Pretty much every single night of my formative years was spent in the warm glow of the family computer talking to strangers 3000 miles away about Alkaline Trio and cybering with paedophiles. I treated the internet the way I imagine people without anxiety disorders treat parties – a room full of potential new friends to talk to without inhibition. Equal parts frivolous and exciting. Not a day goes by where I don’t miss it deeply. This approach to socialising online never really left me, though, and as a result I follow way too many fuckers on Instagram. Among my actual friends there are: former colleagues; people I haven’t seen since year 10; Tinder matches from various trips to America; a guy I slept with a few times who keeps a hatchet under his pillow for “self defence”; my haters. Great bunch of lads, great content. But they exist in the farthest flung galaxies of my life. These are people I enjoy sharing my interests and heavily curated personality with but don’t necessarily need to see me rat-arsed at 7PM on a Tuesday doing DJ Sammy on karaoke. Enter: “Close Friends”.
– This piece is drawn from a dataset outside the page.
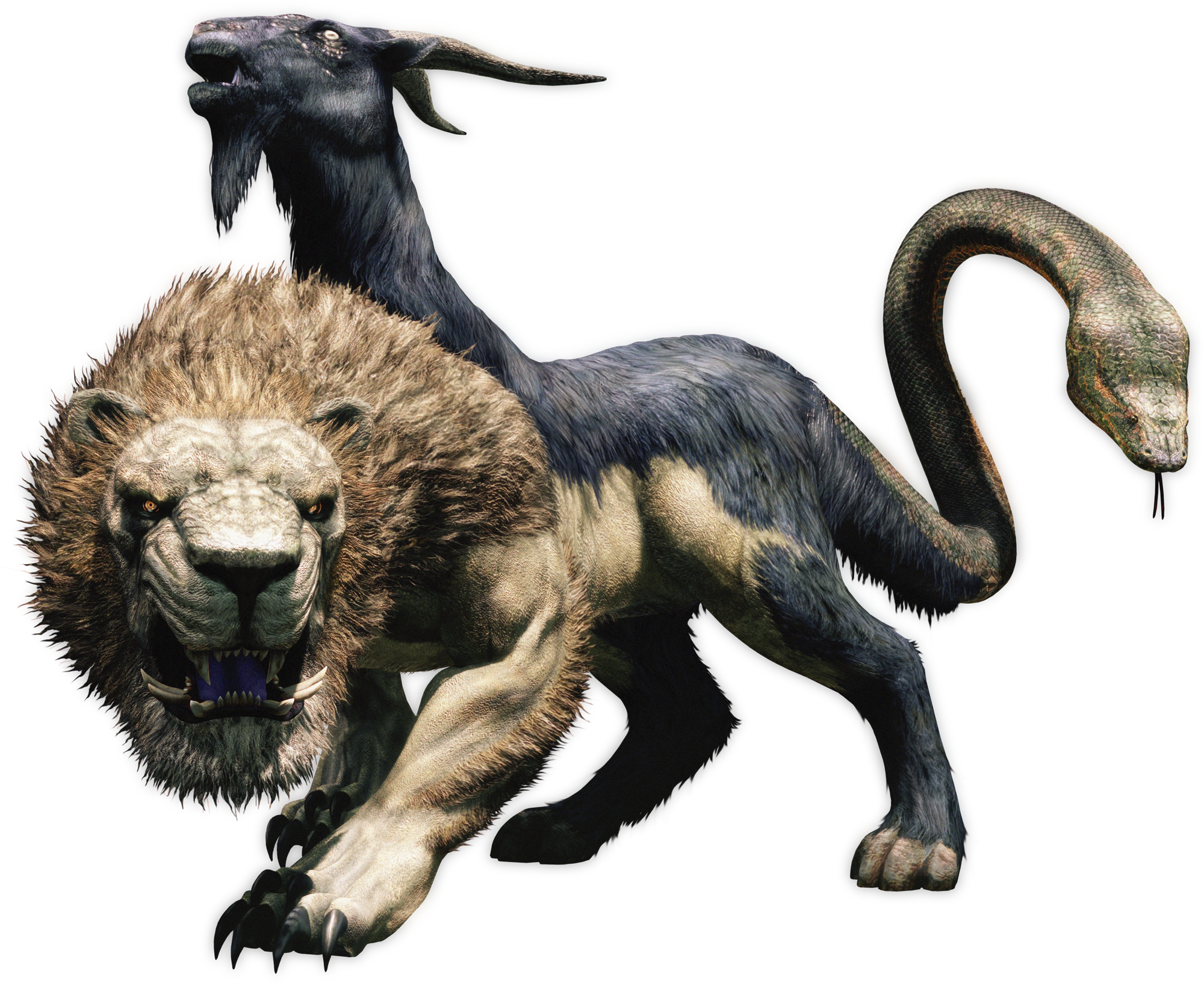 Это большое трехголовое существо, состоящее из трех животных: спереди голова льва, которая в основном атакует в ближнем бою, на спине голова козла, который читает магические заклинания дальнего действия, и змеи для хвост, который атакует врагов, вступающих в ближний бой или забирающихся на него.

As a function, “Close Friends” couldn’t be less reflective of its name. As soon as anyone realises they’ve made it into someone’s group they reply with an enthusiastic “omg blessed” but really it’s just another trick to make you feel like you have any control over the internet at all. My own CF debut was a video of some crystals fired off to a list of people I selected based purely on vibe. It’s still a nonsensically disparate group – lifelong friends rubbing shoulders with my ex’s ex – but the common denominator is that they can be trusted to understand the inner workings of my life, not shame me with “y are you eating a jacket potato in bed” and six ROFL emojis.

That said, this update has come with a redesign which has dangerously placed the "publish" button where "save" used to be. So my highest hope for the CF function is that I become so accustomed to using it that I only accidentally send a sext of my tits to 50 people instead of 900.